Zip files are documented by a PKWare appnote. A zip file contains local file entries followed by a central directory at the end of the file. While the local file entries at the beginning file could be read in streaming fashion, it is often necessary to read the central directory at the end of the file first. Duplicate local file entries may exist in the beginning of the archive, but only the central directory can correctly indicate the latest version for example.

OME Zarr RFC-9 proposes a standard way to store OME-Zarr datasets in zip files with a OZX extension. A particular challenge for Zarr in zip files in the large numbers of files which may make the central directory more difficult to parse. The RFC recommends a number of recommendations to minimize the number of files such as using sharding.

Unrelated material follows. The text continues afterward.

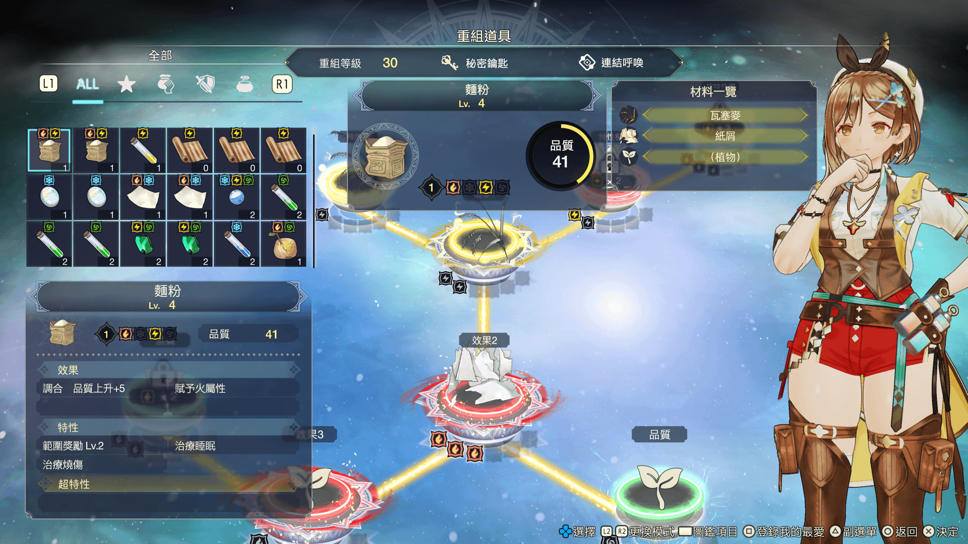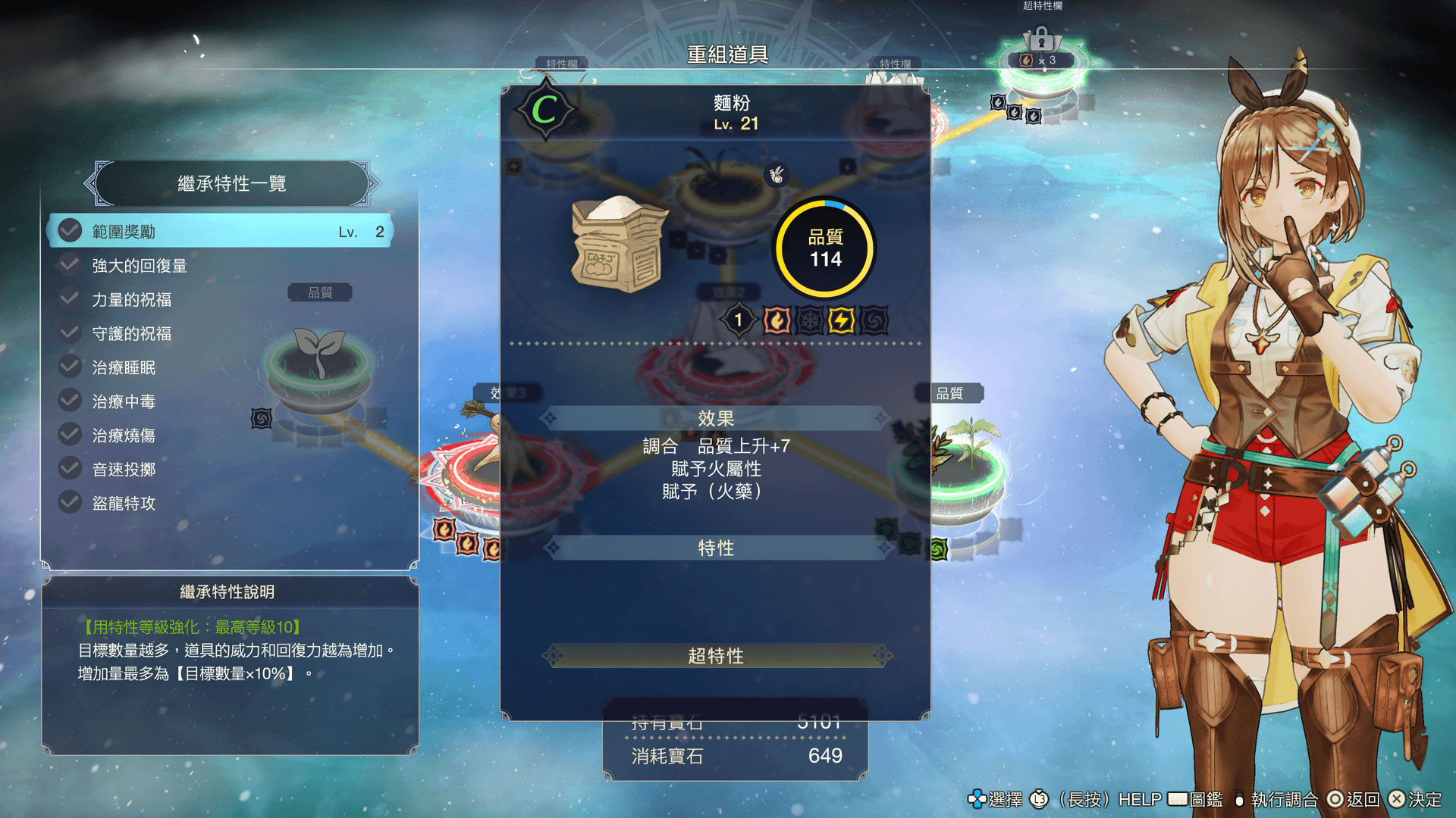 習得技能樹上的「重組道具」後,便可藉由追加材料來強化已完成的道具。
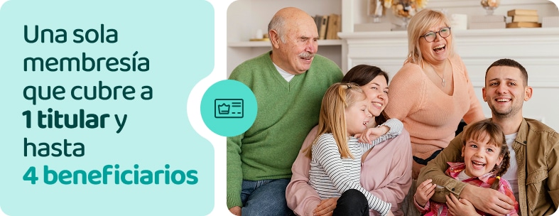 Una sola membresía que cubre a 1 titular y hasta 4 beneficiarios.

Another recommendation by the RFC is to list zarr.json metadata first in the central directory. This allows an application like fileglancer which is mainly concerned with parsing metadata to quickly access the metadata without having the parse the entire central directory. It also allows the entire tree of the hieararchy to be elucidated. To facilitate detection of this optimization, JSON is stored in the comment of the zip which occurs at the end of the central directory. This contains a jsonFirst flag to indicate that the writer of the file placed the JSON files first after the central directory. If this flag is true, a reader may assume that no further zarr.json files exist within the archive once the first non-zarr.json file is read.

Design

While Python does provide a zipfile standard library, a key performance optimization here is the abilty to read a partial central directory. While browsing, only the metadata may be needed. As such this pull request contains new code to read the central directory partially, which the standard library does not support.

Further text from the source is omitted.